**WORK REQUIRED**
When you transcribe the entries below, keep the wording exact and omit the pictures.

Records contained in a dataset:
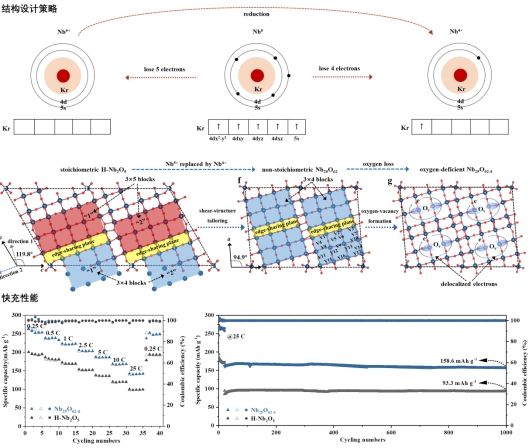加速高功率快充鋰離子電池及其關(guān)鍵材料的研制對(duì)我國發(fā)展下一代民用和特殊領(lǐng)域用電動(dòng)設(shè)備具有重要意義。具有晶體學(xué)剪切結(jié)構(gòu)的鈮氧化物因其在高能量密度、高功率鋰離子電池中的應(yīng)用潛力備受關(guān)注。然而,如何調(diào)控材料本征結(jié)構(gòu)以獲得兼具更高電子/離子電導(dǎo)率的新相,是實(shí)現(xiàn)高性能電化學(xué)儲(chǔ)鋰的重大挑戰(zhàn)。
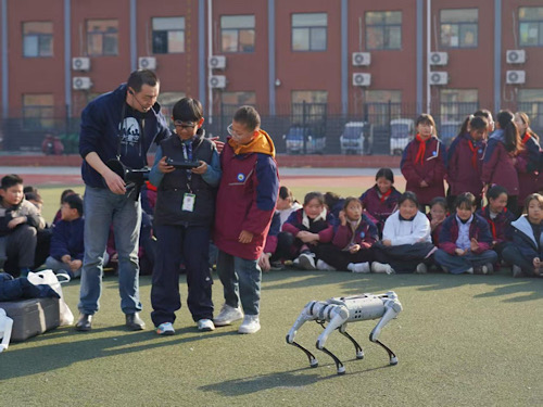 人工智能与动手实践类项目同样备受青睐。萌“汪”进校园活动中,专业操控的机器狗表演行走、跳跃、翻滚等动作,让学生们近距离感受人工智能的魅力。
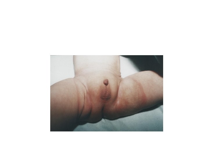 Clinical features of GHD • • • Growth failure Normal birth weight and birth length Skeletal proportions normal for age Somewhat overweight for height(increased subcutaneous fat) Head circumference normal Disparity between the size of face and the calvarium: “doll like” “cherubic” facies most pronounced in panhypopituitarism (crowding of the facial features to the centre of the face suggesting maxillary hypoplasia)- frontal bossing, saddle nose Skeletal maturity delayed High pitched voice Males: penis, scrotum small, hypoplastic testis Hypoglycemia
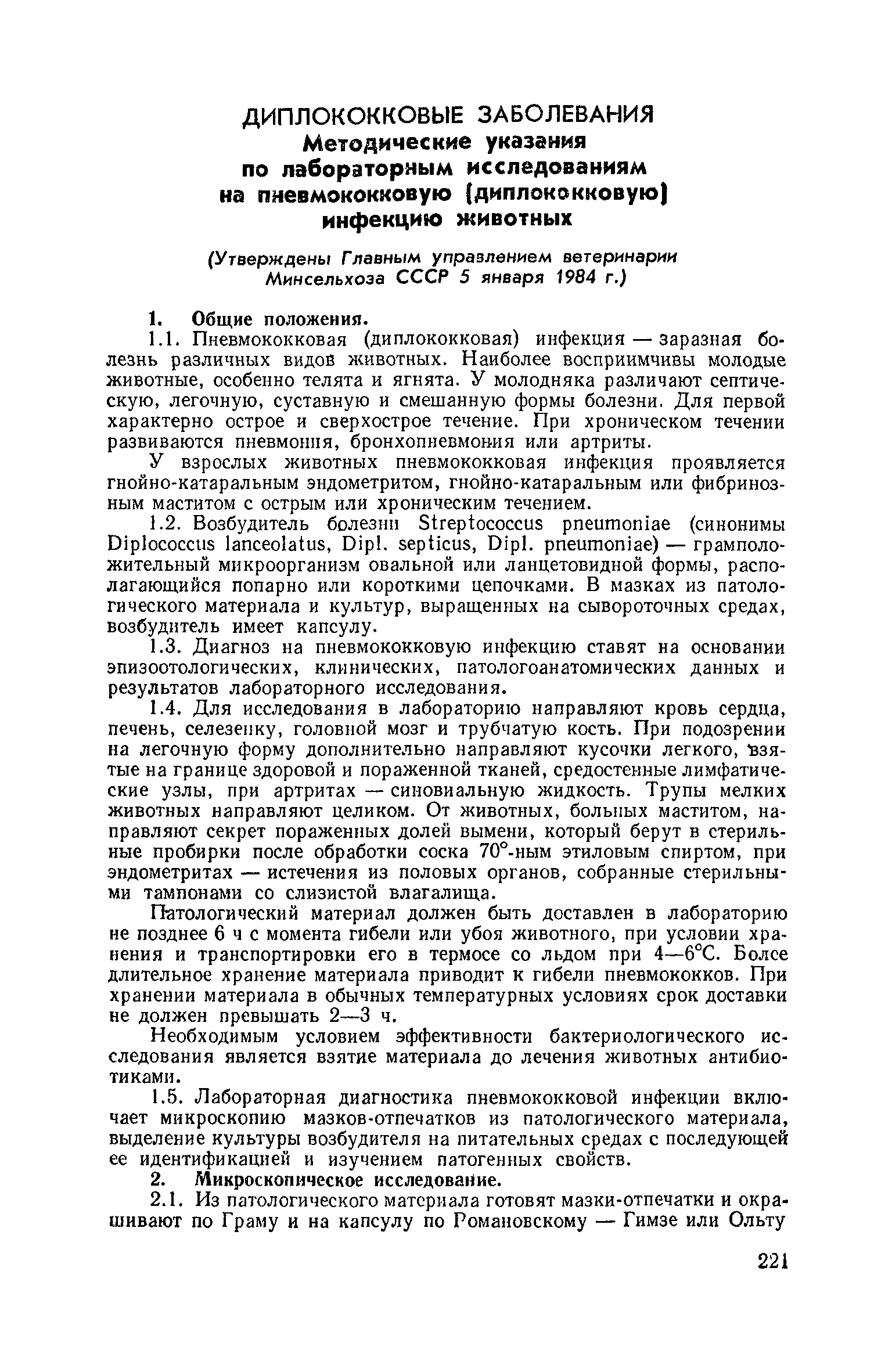 Скачать Методические указания по лабораторным исследованиям на пневмококковую (диплококковую) инфекцию животныхДата актуализации: 01.01.2021
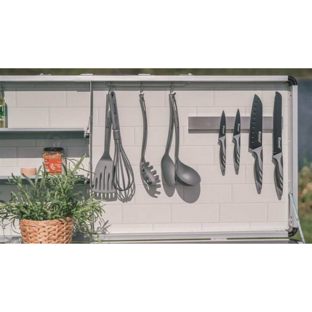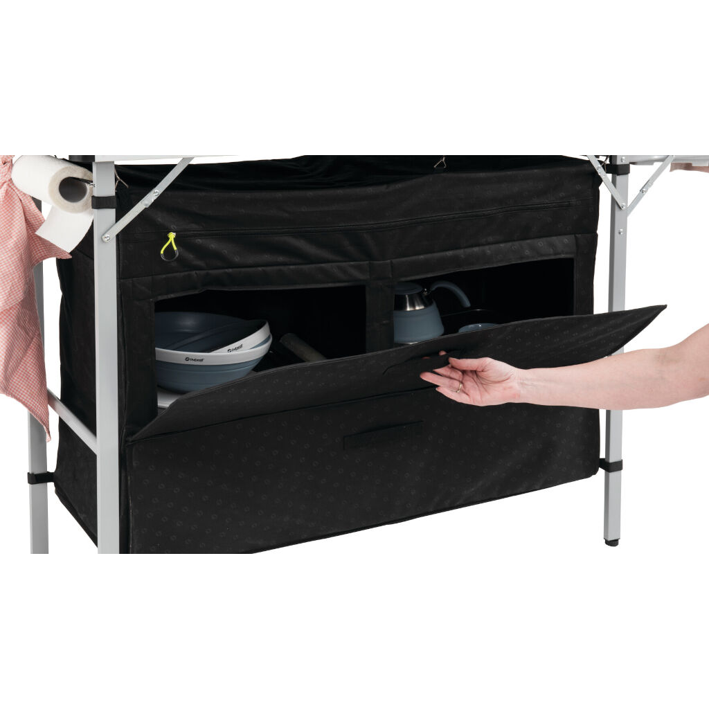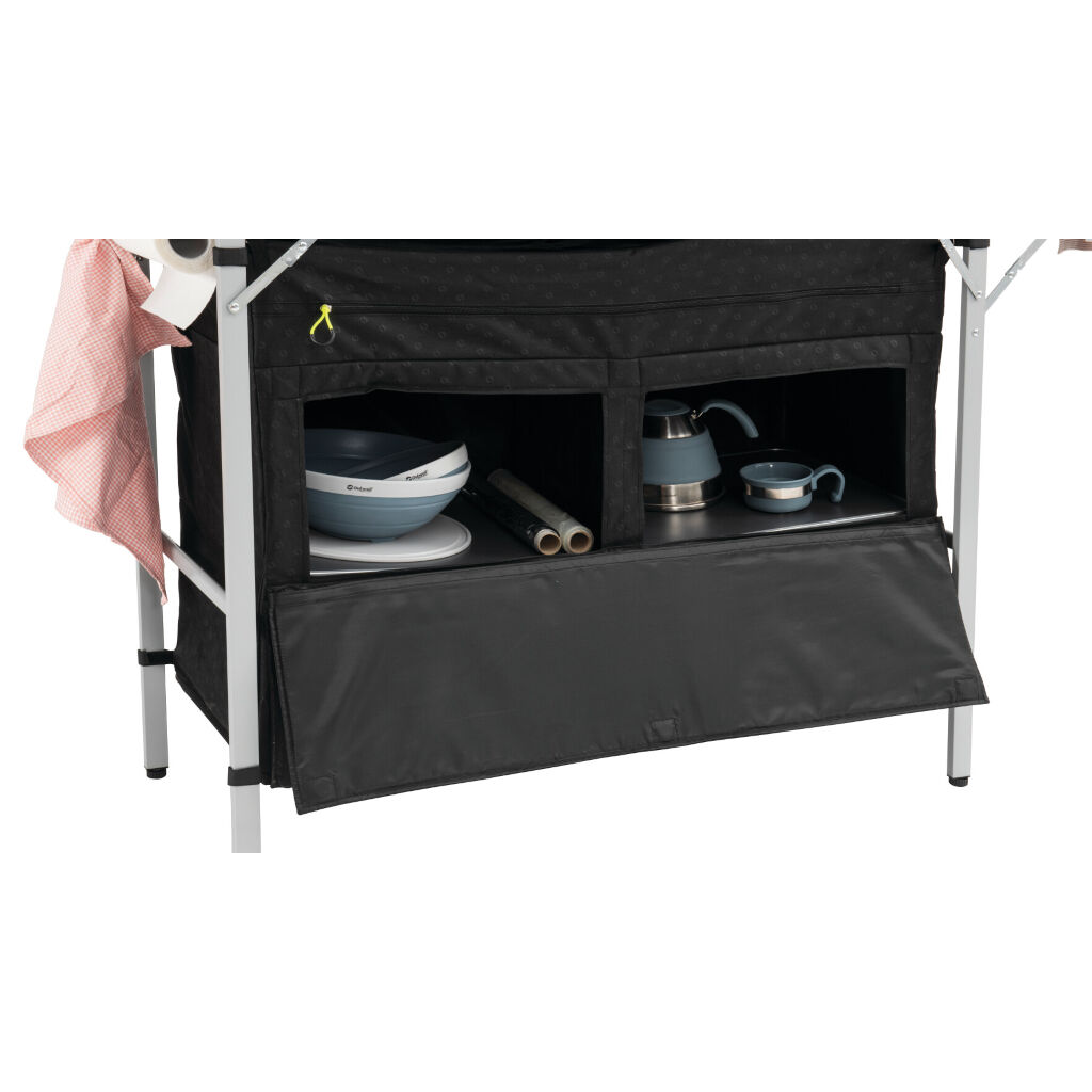 Køkkenbænk med et vindbeskyttet arbejdsområde, plads til komfur samt en aftagelig vaskebalje og flere gode opbevaringsmuligheder gør Magante til et perfekt valg for campister, der ønsker at håndtere opbevaring og madlavning ét sted. Køkkenbænken tilbyder velovervejede opbevaringsløsninger, som inkluderer to store opbevaringsskabe med magnetdøre, en lavere net-hylde med lynlås og en magnetisk knivholder. Outwell Magante Køkkenbord er let at samle takket være foldbare ben, og når den er foldet sammen, har den en meget lille pakkestørrelse.

**ANSWER TO THIS PROBLEM**
加速高功率快充鋰離子電池及其關(guān)鍵材料的研制對(duì)我國發(fā)展下一代民用和特殊領(lǐng)域用電動(dòng)設(shè)備具有重要意義。具有晶體學(xué)剪切結(jié)構(gòu)的鈮氧化物因其在高能量密度、高功率鋰離子電池中的應(yīng)用潛力備受關(guān)注。然而,如何調(diào)控材料本征結(jié)構(gòu)以獲得兼具更高電子/離子電導(dǎo)率的新相,是實(shí)現(xiàn)高性能電化學(xué)儲(chǔ)鋰的重大挑戰(zhàn)。
 人工智能与动手实践类项目同样备受青睐。萌“汪”进校园活动中,专业操控的机器狗表演行走、跳跃、翻滚等动作,让学生们近距离感受人工智能的魅力。
 Clinical features of GHD • • • Growth failure Normal birth weight and birth length Skeletal proportions normal for age Somewhat overweight for height(increased subcutaneous fat) Head circumference normal Disparity between the size of face and the calvarium: “doll like” “cherubic” facies most pronounced in panhypopituitarism (crowding of the facial features to the centre of the face suggesting maxillary hypoplasia)- frontal bossing, saddle nose Skeletal maturity delayed High pitched voice Males: penis, scrotum small, hypoplastic testis Hypoglycemia
 Скачать Методические указания по лабораторным исследованиям на пневмококковую (диплококковую) инфекцию животныхДата актуализации: 01.01.2021
 Køkkenbænk med et vindbeskyttet arbejdsområde, plads til komfur samt en aftagelig vaskebalje og flere gode opbevaringsmuligheder gør Magante til et perfekt valg for campister, der ønsker at håndtere opbevaring og madlavning ét sted. Køkkenbænken tilbyder velovervejede opbevaringsløsninger, som inkluderer to store opbevaringsskabe med magnetdøre, en lavere net-hylde med lynlås og en magnetisk knivholder. Outwell Magante Køkkenbord er let at samle takket være foldbare ben, og når den er foldet sammen, har den en meget lille pakkestørrelse.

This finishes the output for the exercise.